Erstmals war mit der BQS-Spezifikation 7.0 ein homogenes Datensatzformat für das gesamte Verfahrensjahr gültig. Ebenfalls erstmals war 2004 der QS-Filter für die Auslösung der Dokumentation und die Bewertung der Vollständigkeit der übermittelten Datensätze im Einsatz. Die Funktionsweise des QS-Filters ist im Kapitel „QS-Filter“ ausführlich beschrieben.

Das Datensatzaufkommen hat sich im Vergleich zum Vorjahr durch die Änderung der QS-Filter-Auslösesystematik erheblich erhöht. Alle gelieferten Datensätze konnten ausgewertet werden. Sie beinhalten 301.313 Eingriffe.

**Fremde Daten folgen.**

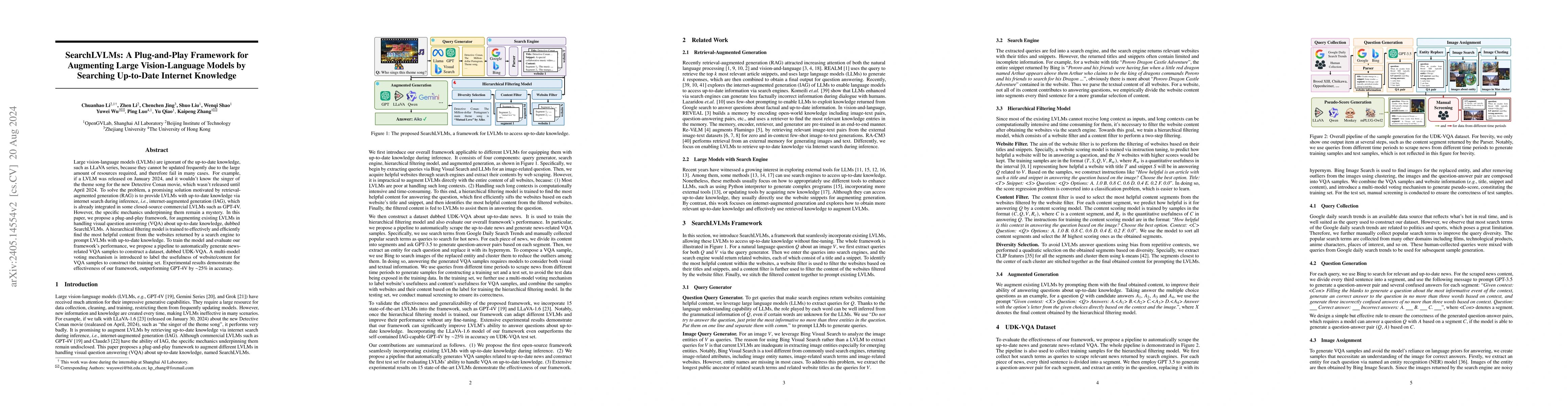 Large vision-language models (LVLMs) are ignorant of the up-to-date knowledge, such as LLaVA series, because they cannot be updated frequently due to the large amount of resources required, and therefore fail in many cases. For example, if a LVLM was released on January 2024, and it wouldn't know the detailed plot of the new movie Dune 2, which wasn't released until February 2024. To solve the problem, a promising solution is to provide LVLMs with up-to-date knowledge via internet search during inference, i.e., internet-augmented generation (IAG), which is already integrated in some closed-source commercial LVLMs such as GPT-4V. However, the specific mechanics underpinning them remain a mystery. In this paper, we propose a plug-and-play framework, for augmenting existing LVLMs in handling visual question answering (VQA) about up-to-date knowledge, dubbed UDKAG. A hierarchical filtering model is trained to effectively and efficiently find the most helpful content from the websites returned by a search engine to prompt LVLMs with up-to-date knowledge. To train the model and evaluate our framework's performance, we propose a pipeline to automatically generate news-related VQA samples to construct a dataset, dubbed UDK-VQA. A multi-model voting mechanism is introduced to label the usefulness of website/content for VQA samples to construct the training set. Experimental results demonstrate the effectiveness of our framework, outperforming GPT-4V by about 25% in accuracy.

1.261 Krankenhäuser haben in ihrer methodischen Sollstatistik 316.531 zu dokumentierende Datensätze für den Leistungsbereich Gynäkologische Operationen ausgewiesen. Damit liegt die Vollständigkeit der Datensätze, die die bundesweite Dokumentationsrate (Verhältnis von ausgewerteten zu erwarteten Datensätzen) widerspiegelt, bei 94,65%.

Die Vollständigkeit der Krankenhäuser (Verhältnis von teilnehmenden zu erwarteten Krankenhäusern) liegt bei 95,08%.

Die Beteiligung der einzelnen Bundesländer variiert und weist bezogen auf das Verhältnis von ausgewerteten zu erwarteten Datensätzen eine Spannweite von 90,58% bis 101,04% auf.

Es ist davon auszugehen, dass nahezu alle Krankenhäuser, die QS-Datensätze gesendet haben, auch die Sollstatistik übermittelt haben. Ursachen für Dokumentationsraten über 100% sind im Kapitel „Datenbasis“ beschrieben.

Eine krankenhausindividuelle Dokumentationsrate könnte Anhaltspunkte liefern, welche Krankenhäuser keine oder zu wenig Datensätze geliefert haben. Diese kann auf Bundesebene aber nicht ermittelt werden, da der BQS bei den gelieferten Datensätzen nur die Pseudonyme der Krankenhäuser bekannt sind und daher ein Abgleich mit den IK-Nummern der Sollstatistik nicht möglich ist.

Im Vergleich zur Übersicht der Krankenhäuser mit gynäkologischen Fachabteilungen der Arbeitsgemeinschaft Gynäkologische Onkologie e.V. (AGO 2005), welche aktuell von 1.163 Krankenhäusern ausgeht und auf freiwilligen Auskünften beruht, sind die Zahlen der BQS etwas höher. Gründe für diese Abweichung können auch darin liegen, dass zusätzlich Verbringungsleistungen oder ambulante Eingriffe dokumentiert wurden.

Vor diesem Hintergrund ist die Teilnahme an der externen vergleichenden Qualitätssicherung als sehr gut zu bewerten.